The function get_graph_data_from_livestatus retrieves performance data for the given host via the Livestatus Query Language (LQL) interface. When inspecting all invoked functions within the call stack, the _ensure_connected function caught our attention:

checkmk/cmk/gui/sites.py

def _ensure_connected(user: Optional[LoggedInUser], force_authuser: Optional[UserId]) -> None:
   ...
   if force_authuser is None:
       request_force_authuser = request.get_str_input("force_authuser")
       force_authuser = UserId(request_force_authuser) if request_force_authuser else None
   ...
   _set_livestatus_auth(user, force_authuser)

Although this is an internal function part of the code responsible for querying the LQL interface, a GET parameter called force_authuser is accessed. Further inspecting the call stack reveals that this GET parameter is inserted into the AuthUser header of the LQL query without any sanitization:

image

The AuthUser header is used to restrict the response to data that the specified user is allowed to see. However, this is not essential for our considerations. The important aspect is that the above AuthUser string contains the value of the GET parameter force_authuser and this string is inserted into the final LQL query sent to the monitoring core. Since the GET parameter force_authuser is not sanitized, it is also possible to insert line feed characters (0x0a) into the LQL query.

Usually, an external attacker cannot reach the vulnerable endpoint /ajax_graph_images.py because it is restricted to localhost only.

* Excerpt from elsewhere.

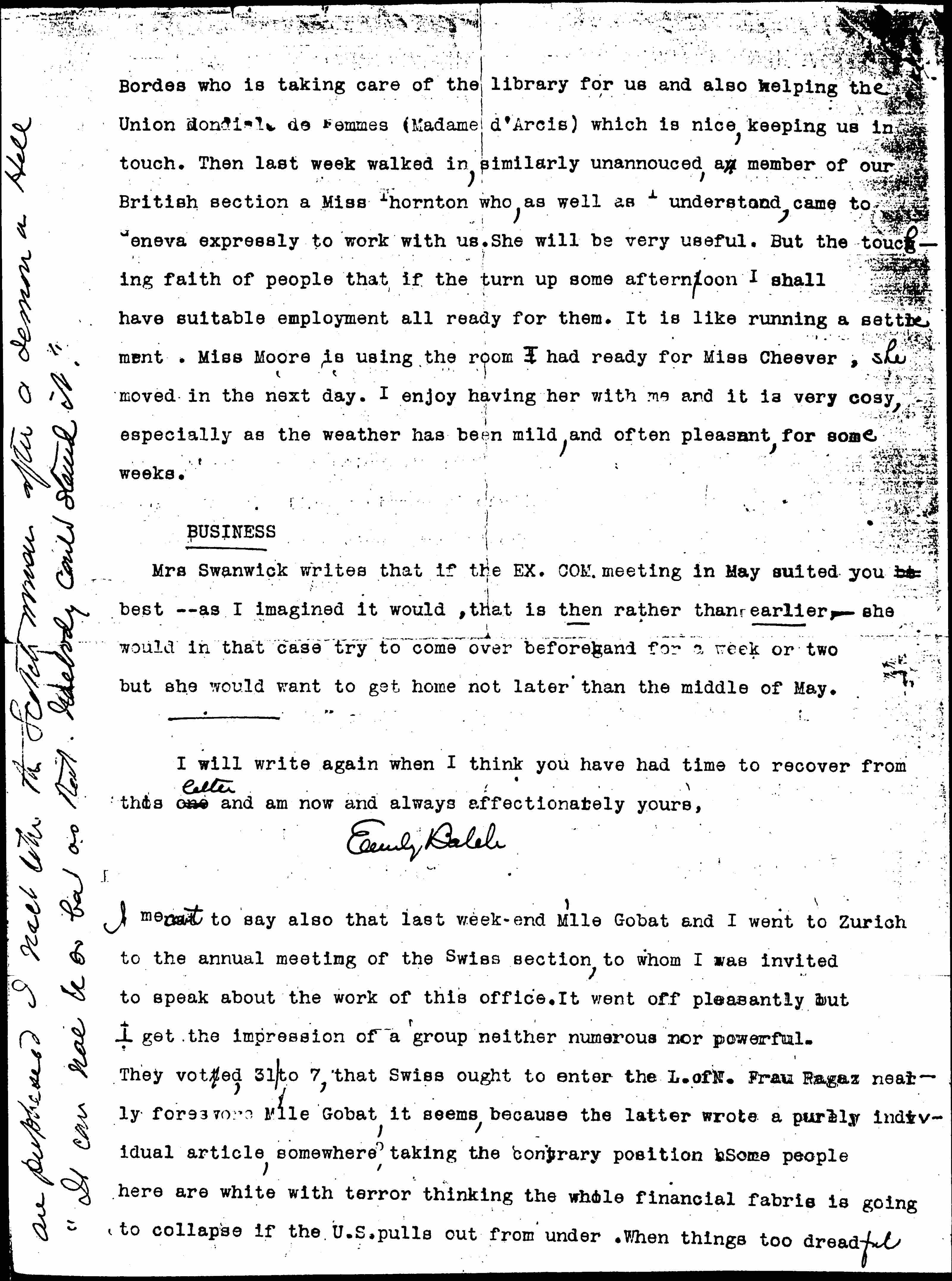 I meant to say also that last weekend Mlle Gobat and I went to Zurich to the annual meeting of the Swiss section, to whom I was invited to speak about the work of this office. It went off pleasantly but I get the impression of a group neither numerous nor powerful. They voted, 31 to 7, that Swiss ought to enter the L. of N. Frau Ragaz nearly foreswore Mlle Gobat, it seems, because the latter wrote purely individual article, somewhere, taking the contrary position. Some people here are white with terror thinking the whole financial [fabric] is going to collapse if the U.S. pulls out from under. When things too dreadful [written up left margin] are prophesied I react like the Scotch woman after a demon in Hell "It can nae be so bad as that. Nobody could stand it."

When combined with the SSRF vulnerability in the agent-receiver this assumption is not valid anymore. The SSRF can for example be used to trigger a request with the following GET parameter:

force_authuser=foo

This request results in the following LQL query sent to the core:

image

By using a line feed character in the force_authuser parameter, additional headers can be injected into the LQL query:

force_authuser=foo%0aFooHeader%3a%201337

The resulting LQL query contains the additional header:

image

The ability to inject a whole new query in order to use other tables or commands would increase the attack surface even more. An attacker could try to add two line feed characters and insert a new query after these:

force_authuser=foo%0a%0aGET%20services

However, the LQL interface terminates the connection by default if two subsequent line feed characters are read, which form the end of a single query. Thus the second query is not evaluated:

image

This behavior can be altered by leveraging the KeepAlive header. When this header is set to on, the connection will be kept alive. This way whole new LQL queries can be injected:

force_authuser=foo%0aKeepAlive:%20on%0a%0aATTACKER_QUERY%0a%0aGET%20notexisting

This results in three distinct LQL queries, which are processed separately.

Query 1:

image

Query 2:

ATTACK_QUERY

Query 3:

image

The second query can be fully controlled by an attacker.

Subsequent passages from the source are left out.